─── DATA RECORDS ───

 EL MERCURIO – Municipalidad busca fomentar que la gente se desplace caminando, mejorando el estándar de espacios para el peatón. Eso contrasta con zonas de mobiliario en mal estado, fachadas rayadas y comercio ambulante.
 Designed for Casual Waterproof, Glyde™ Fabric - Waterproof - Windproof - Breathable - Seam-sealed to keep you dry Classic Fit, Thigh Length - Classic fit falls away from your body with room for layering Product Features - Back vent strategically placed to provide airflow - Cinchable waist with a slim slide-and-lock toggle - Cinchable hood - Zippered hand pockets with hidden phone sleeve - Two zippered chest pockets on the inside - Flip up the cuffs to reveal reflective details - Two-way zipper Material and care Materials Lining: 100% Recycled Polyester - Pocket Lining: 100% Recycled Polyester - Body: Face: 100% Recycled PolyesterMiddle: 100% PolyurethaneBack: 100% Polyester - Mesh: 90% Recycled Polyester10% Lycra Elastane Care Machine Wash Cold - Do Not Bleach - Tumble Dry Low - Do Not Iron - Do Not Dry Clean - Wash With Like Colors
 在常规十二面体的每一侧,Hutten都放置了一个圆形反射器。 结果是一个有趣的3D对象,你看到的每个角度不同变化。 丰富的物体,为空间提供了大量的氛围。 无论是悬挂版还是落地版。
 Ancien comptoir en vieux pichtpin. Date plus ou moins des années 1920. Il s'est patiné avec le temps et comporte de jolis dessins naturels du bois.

───
─── DATA RECORDS ───

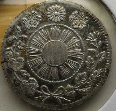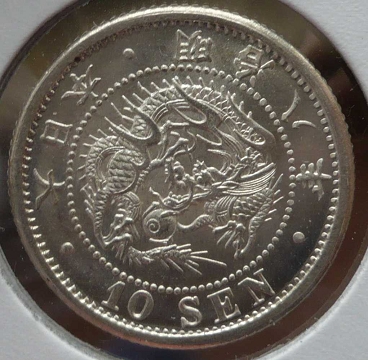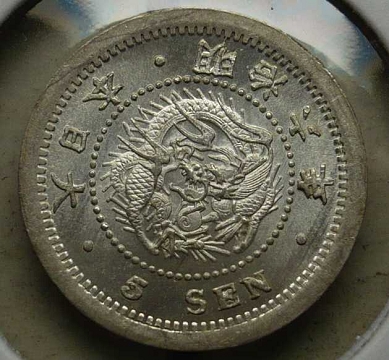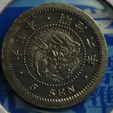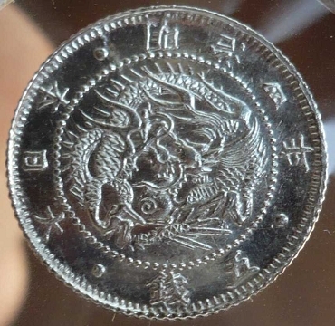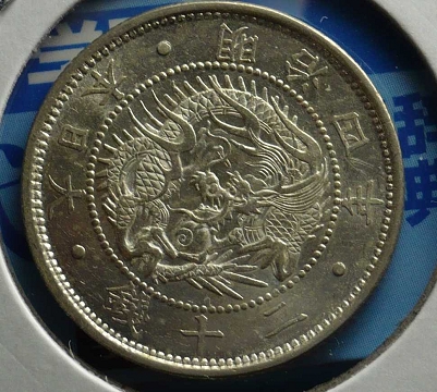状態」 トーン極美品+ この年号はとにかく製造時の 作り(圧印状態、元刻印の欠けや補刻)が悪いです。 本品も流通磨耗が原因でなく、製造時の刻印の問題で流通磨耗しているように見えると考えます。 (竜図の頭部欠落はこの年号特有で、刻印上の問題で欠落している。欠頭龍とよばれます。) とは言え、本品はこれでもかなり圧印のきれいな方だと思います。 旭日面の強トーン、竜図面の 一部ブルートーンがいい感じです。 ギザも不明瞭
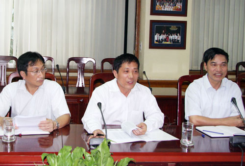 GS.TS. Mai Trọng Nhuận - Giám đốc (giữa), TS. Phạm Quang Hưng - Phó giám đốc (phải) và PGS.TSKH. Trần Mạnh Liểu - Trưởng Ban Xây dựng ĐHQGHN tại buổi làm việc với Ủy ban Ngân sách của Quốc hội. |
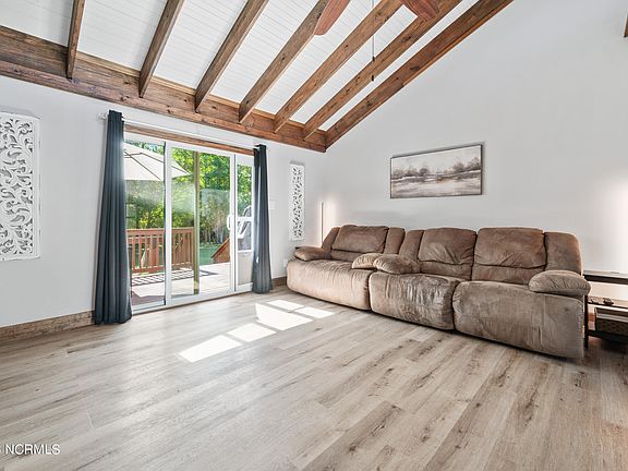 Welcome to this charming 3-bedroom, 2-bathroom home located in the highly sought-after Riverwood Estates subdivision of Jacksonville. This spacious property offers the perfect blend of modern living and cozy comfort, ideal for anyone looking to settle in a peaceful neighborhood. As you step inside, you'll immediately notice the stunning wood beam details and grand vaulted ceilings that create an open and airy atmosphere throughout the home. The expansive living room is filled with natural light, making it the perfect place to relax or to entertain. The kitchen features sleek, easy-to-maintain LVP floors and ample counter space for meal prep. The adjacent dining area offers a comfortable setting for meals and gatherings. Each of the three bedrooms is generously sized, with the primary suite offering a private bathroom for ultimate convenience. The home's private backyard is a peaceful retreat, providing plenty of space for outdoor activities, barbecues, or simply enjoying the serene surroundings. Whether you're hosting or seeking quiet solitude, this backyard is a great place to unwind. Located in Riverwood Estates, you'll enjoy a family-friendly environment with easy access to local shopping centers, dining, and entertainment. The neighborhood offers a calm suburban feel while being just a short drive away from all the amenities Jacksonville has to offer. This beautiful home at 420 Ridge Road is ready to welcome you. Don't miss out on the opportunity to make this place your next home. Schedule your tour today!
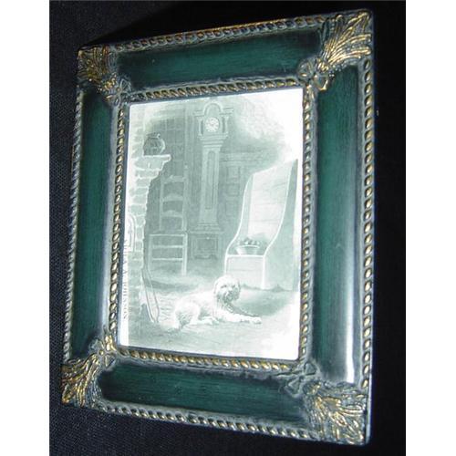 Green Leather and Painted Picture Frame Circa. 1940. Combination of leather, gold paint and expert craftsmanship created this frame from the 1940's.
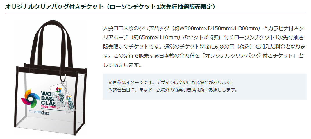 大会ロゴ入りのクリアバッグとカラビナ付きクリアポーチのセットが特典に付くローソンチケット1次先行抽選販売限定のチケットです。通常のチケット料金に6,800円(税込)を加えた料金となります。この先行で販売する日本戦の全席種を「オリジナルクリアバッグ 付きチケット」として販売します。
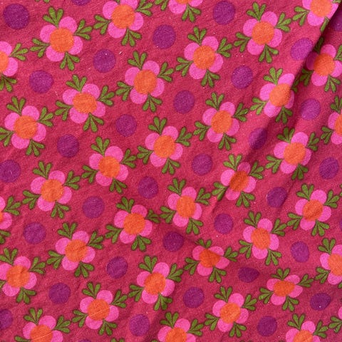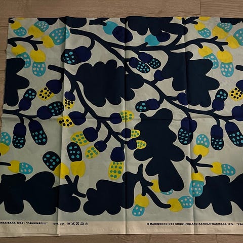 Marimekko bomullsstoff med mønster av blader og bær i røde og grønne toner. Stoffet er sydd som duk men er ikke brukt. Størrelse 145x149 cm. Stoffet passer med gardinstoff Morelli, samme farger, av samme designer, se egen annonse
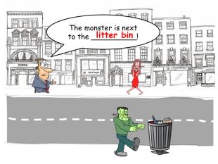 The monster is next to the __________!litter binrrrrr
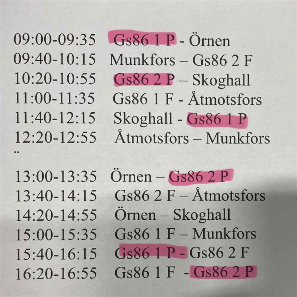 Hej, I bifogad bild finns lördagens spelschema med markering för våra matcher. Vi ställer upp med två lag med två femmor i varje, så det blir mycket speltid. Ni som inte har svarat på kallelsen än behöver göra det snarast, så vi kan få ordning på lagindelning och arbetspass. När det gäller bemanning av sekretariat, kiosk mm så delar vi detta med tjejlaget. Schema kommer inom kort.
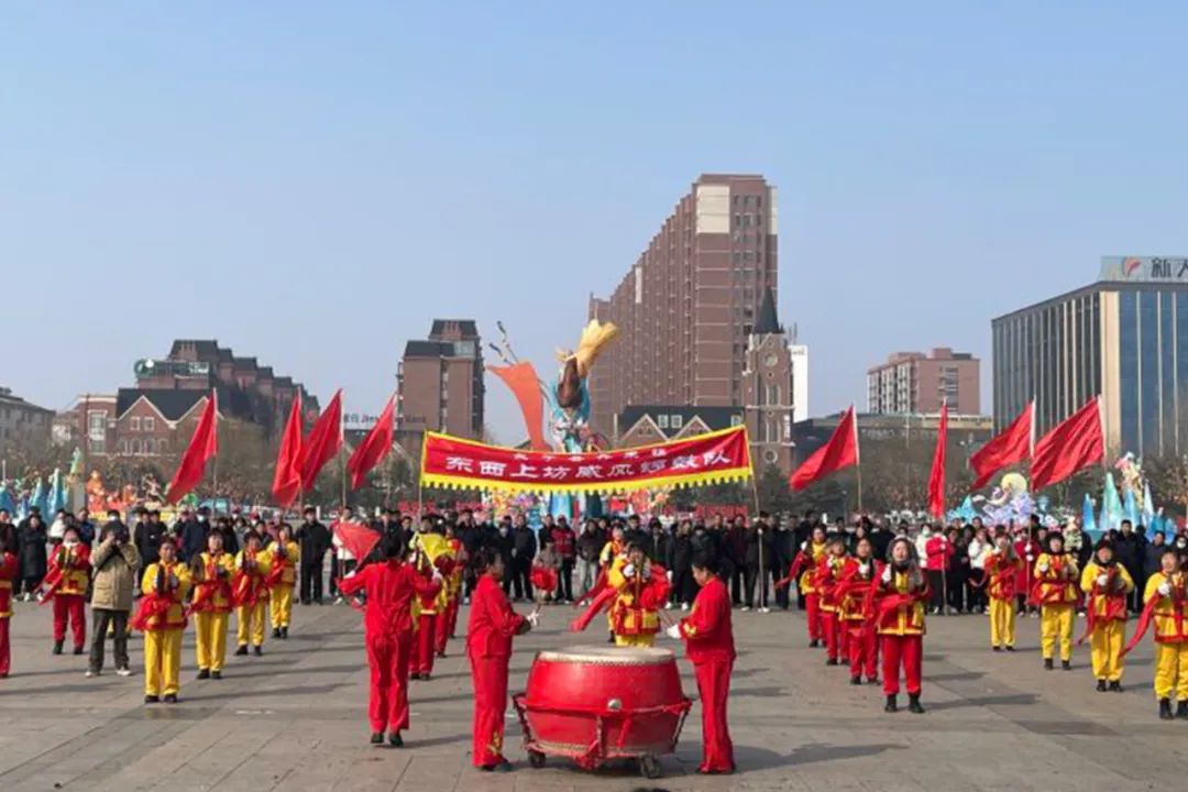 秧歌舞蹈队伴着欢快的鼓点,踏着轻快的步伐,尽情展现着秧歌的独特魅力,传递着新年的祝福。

───
─── DATA RECORDS ───

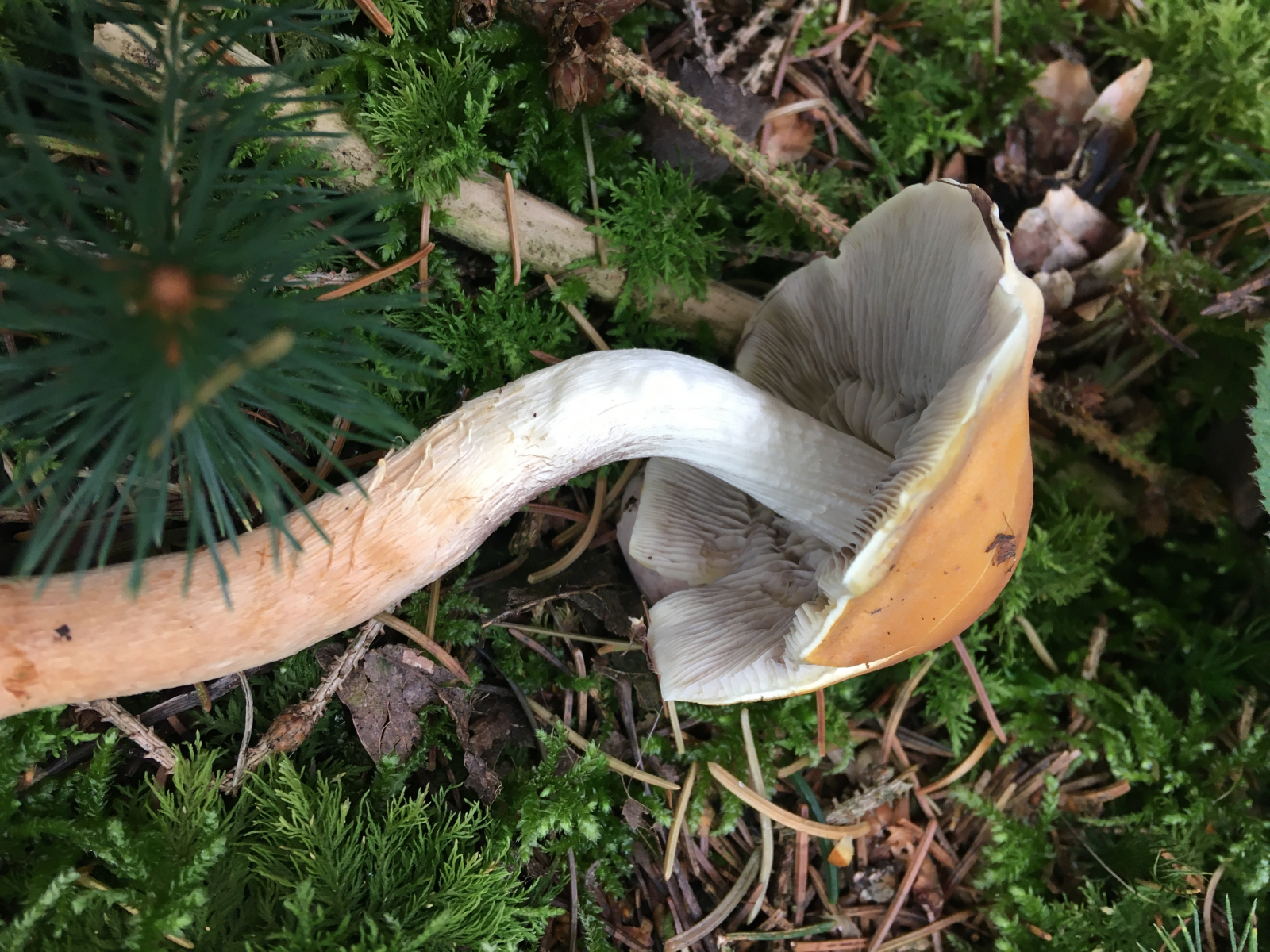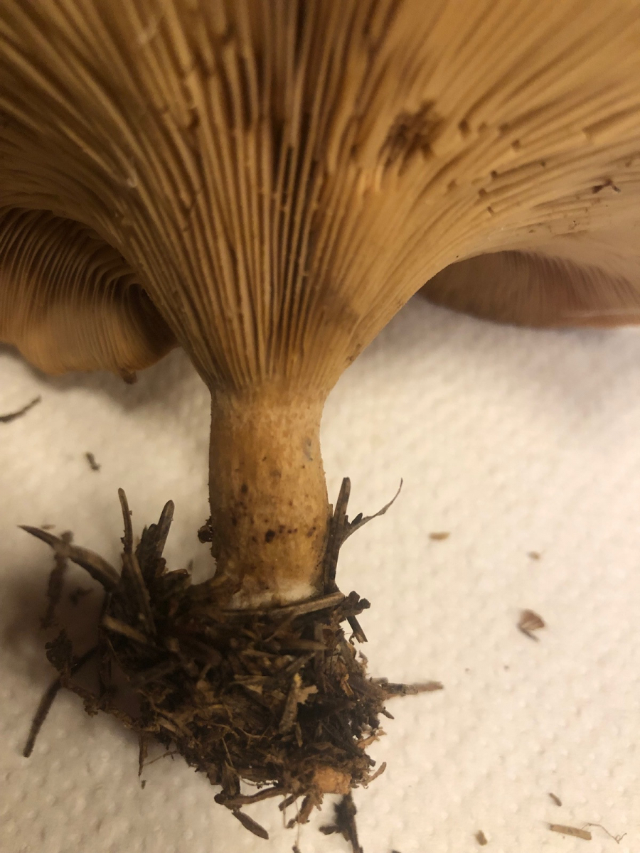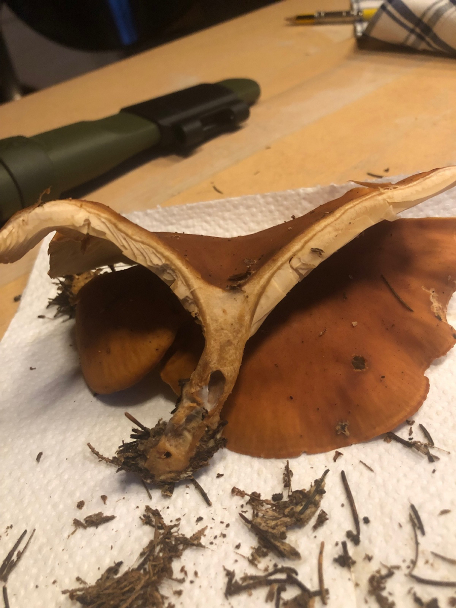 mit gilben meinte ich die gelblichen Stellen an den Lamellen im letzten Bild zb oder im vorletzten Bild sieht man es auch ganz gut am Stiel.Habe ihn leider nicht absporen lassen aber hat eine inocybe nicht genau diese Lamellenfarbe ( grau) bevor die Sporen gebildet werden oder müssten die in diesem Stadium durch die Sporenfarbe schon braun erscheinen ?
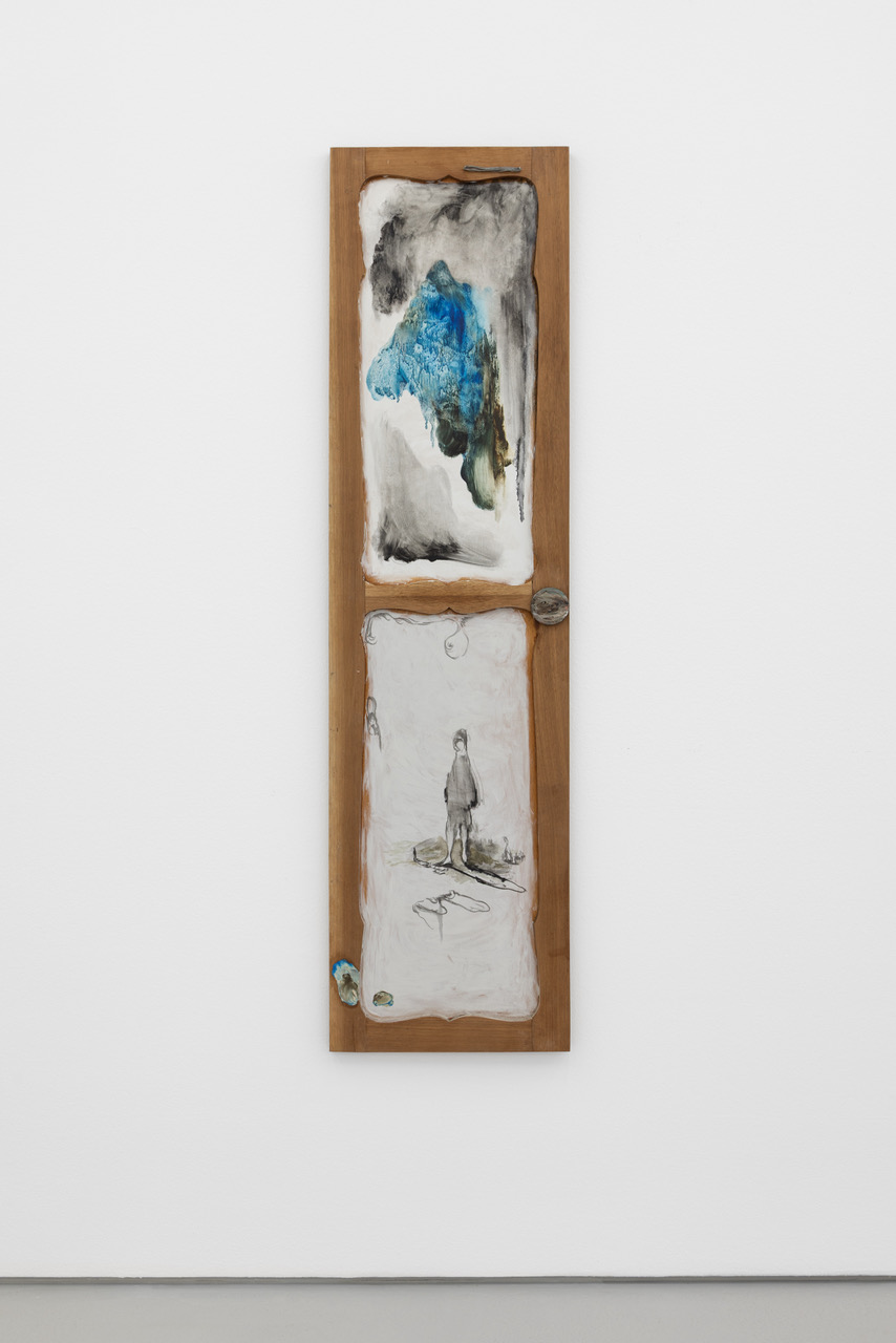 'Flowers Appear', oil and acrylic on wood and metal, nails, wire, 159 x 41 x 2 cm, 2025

───

Each line above that falls between the line with "mit gilben meinte" and the line with "x 2 cm, 2025" should be printed exactly, together with those two lines, but the pictures should not.

* **EXPECTED ANSWER**
 mit gilben meinte ich die gelblichen Stellen an den Lamellen im letzten Bild zb oder im vorletzten Bild sieht man es auch ganz gut am Stiel.Habe ihn leider nicht absporen lassen aber hat eine inocybe nicht genau diese Lamellenfarbe ( grau) bevor die Sporen gebildet werden oder müssten die in diesem Stadium durch die Sporenfarbe schon braun erscheinen ?
 'Flowers Appear', oil and acrylic on wood and metal, nails, wire, 159 x 41 x 2 cm, 2025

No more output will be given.